In light of this we are to do 2 things: Reject and Rest.

1.    Reject

-      We are to reject fear or confidence in the work of man because as the prophet says, “all flesh is like grass.”
-      The Babylonians who sought to extinguish the Jews from the face of the earth are like grass before the Spirit of God.
-      The Romans who sought to destroy the church are like the fading flower.
-      There is no need to fear the might of man which comes against God’s people, they will wither and fade before our God.
pause
-      We ought also to reject confidence in the works on man.
-      We see our beauty in our creativeness, we see the world as though it is ours to conquer, and it is easy to place that where God ought to be.
-      We like Israel turning the bronze serpent in an idol, turn what are good gifts from our God into idols. Our nature is such that we try and find peace and rest in created things, and not the creator Himself.
It is like going to a museum and only examining a singular brush stroke or the little boat or house in the far background of the picture, admiring its impressive detail and beauty. But imagine telling someone you saw the most magnificent picture and they asked, “what was it of?”
And you couldn’t say because you never stepped back to see the whole thing.And yet, that brush stroke, that tree, that cloud, that eye, that face, they are all parts of a whole. It is the whole which is to be taken in. The parts are good in that they point to the whole.
-      Our nature is such that we would rather trust a politician than God. Rather trust our own ingenuity to save ourselves that the promises of God to make all things new in Christ.
-      But all these human works are ultimately from God’s Divine hand. Psalm 104:24-26, both the ship on the sea and the leviathan under the sea are God’s works.
-      In our sin, we would rather glory and rest in those things, than in the One who created them.
pause
Why do we focus so much on that which passes? Why are our hearts so taken to see an end where it is just a part
⁃           All flesh is like the flowering grass.
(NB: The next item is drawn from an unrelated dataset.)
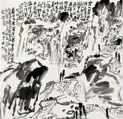 | 程风子《禅意山水》  68X68cm  阅览量:7856 作者:程风子专栏 程风子:原名程春风,斋号闻梅堂,玄壶居。1964年生,安徽阜南人。斋号问梅堂、玄壶居、丹若居,别署狂花居士。 师承国画大师黄永厚、杨延文,国画大师黄永玉御用篆刻师。出版发行《程风子篆刻集》、《性灵风骨---程风子》、《中华书画》(程风子专辑)、《中国名画家精品集(写意山水)程风子》、《当代逸品十佳--程风子》、《当代书法家--程风子》、《程风子--性灵风骨》、《有名其灿--(程风子玩书画印)》等。 北京国家博物院文物鉴定中心书画鉴定组专家成员 北京印社理事 北京大学名家班程风子工作室导师 中国人民大学艺术学院程风子工作室导师 当代美术家网合作艺术家 ------------------------------------------- 中央电视台、湖南卫视、山东卫视、环球旅游、书画数字频道以及内蒙古卫视先后作专题报道。他酷爱声乐艺术,曾拜师歌剧表演艺术家、歌唱家柳石明学习声乐。中国唱片深圳公司曾为其出版《山中问茶---柳石明程风子师生歌曲集》《青山有约--程风子歌曲集》两套唱片。 作品特点: 擅长中国画、书法、篆刻,国画以山水见长,取法蒲华、石涛、黄宾虹等,后深造于北京画院,师从我国著名山水画家杨延文先生,受益良多。作品率意洒脱,妙趣横生。书法初习苏东坡、黄庭坚墨迹、汉魏碑刻、近年于徐生翁书法、敦煌遗画用功最勤,篆刻多取法陶文、汉将军章。书法生拙朴厚,不拘成法,其印更是用刀恣奔放。时出险绝,颇为大气。 ------------------------------------------- 艺术成就: 1991年:国画入选中国画研究院主办的《91中国花鸟画邀请展》 1993年:入选《全国第五届中青年书法篆刻家作品展》 1994年:入选《全国第三届篆刻艺术展》,入选《第一届全国文联书法大展》 1995年:入选《全国第六届中青年书法家篆刻家作品展》、《首届国际篆刻艺术交流展》、《全国第六届书法篆刻展》 1996年:入选《中国画名家新作展》、《中日篆刻艺术交流展》 1997年:入选《第二届国际篆刻交流展》、《第四届全国篆刻艺术展》。书法荣获由文化部艺术局、中国艺术研究院、中国美术家协会、中国书法家协会联全主办的首届《世界华人书画展》银获 1999年:入选《北京画院建院四十周年画展》 2000年:作品参展《全国第八届中青年书法篆刻家作品展》 2002年:作品入展《首届流行书风提名展》。曾获世界华人书画展书法银奖。 详细说明

It comes and goes. All that is fleshly is so. Here today, gone tomorrow. Sex, money, happiness, food, knowledge, peace, when they are all viewed as the end, will only end in death. Like observing the single brush stroke of a painting, we run after our hearts desire and consider that to be Good.
⁃           And yet, it is this running which is sin. What was the sin of Babel? A chasing after what brought them glory. This is our sin; we exchange the creator for the created as St. Paul tells us.
pause

2.    Rest

-      And so, the Isaiah calls us to rest. What stands when all else crumbles? “The Word of our God will stand forever.”
-      These all come from the hand of the One who is yet uncreated. Who makes that grass which passes away. It is to Him that we must turn, it is He who is the source of all Joy, in whose face we should delight to rest.
-      And yet, we do not. Why does your heart desire what are only parts of the whole?
-      All flesh is like grass. It fades and dies. Even the greatest of our creations will decay, rot and pass away. The remnants of the earths greatest civilisations are now rubble that we take photos in. Great columns reduced to hip-high rocks.
-      But the One who is uncreated, took upon Himself creation. The one who is eternal became bound Himself to time. The One who holds all life in the palm of His hand died.
pause
-      Why? In order that He may take us, all our sin, all our misery, our chasing after our own desires and claim us as His own. Now we are not parts, running after brush strokes on a painting, but have been made whole and redeemed and shown whole the painting. In Christ, the eternal Word we see the Father of All.
As the Apostle Peter says, this word is the word of your salvation. It alone stands. It alone is worthy of comfort, trust, rest and satisfaction. Come, drink deeply of the water of the Gospel and you will not thirst again. You will be satisfied. Come and rest in truths of the Promise that your God delights to show mercy in Christ the Son.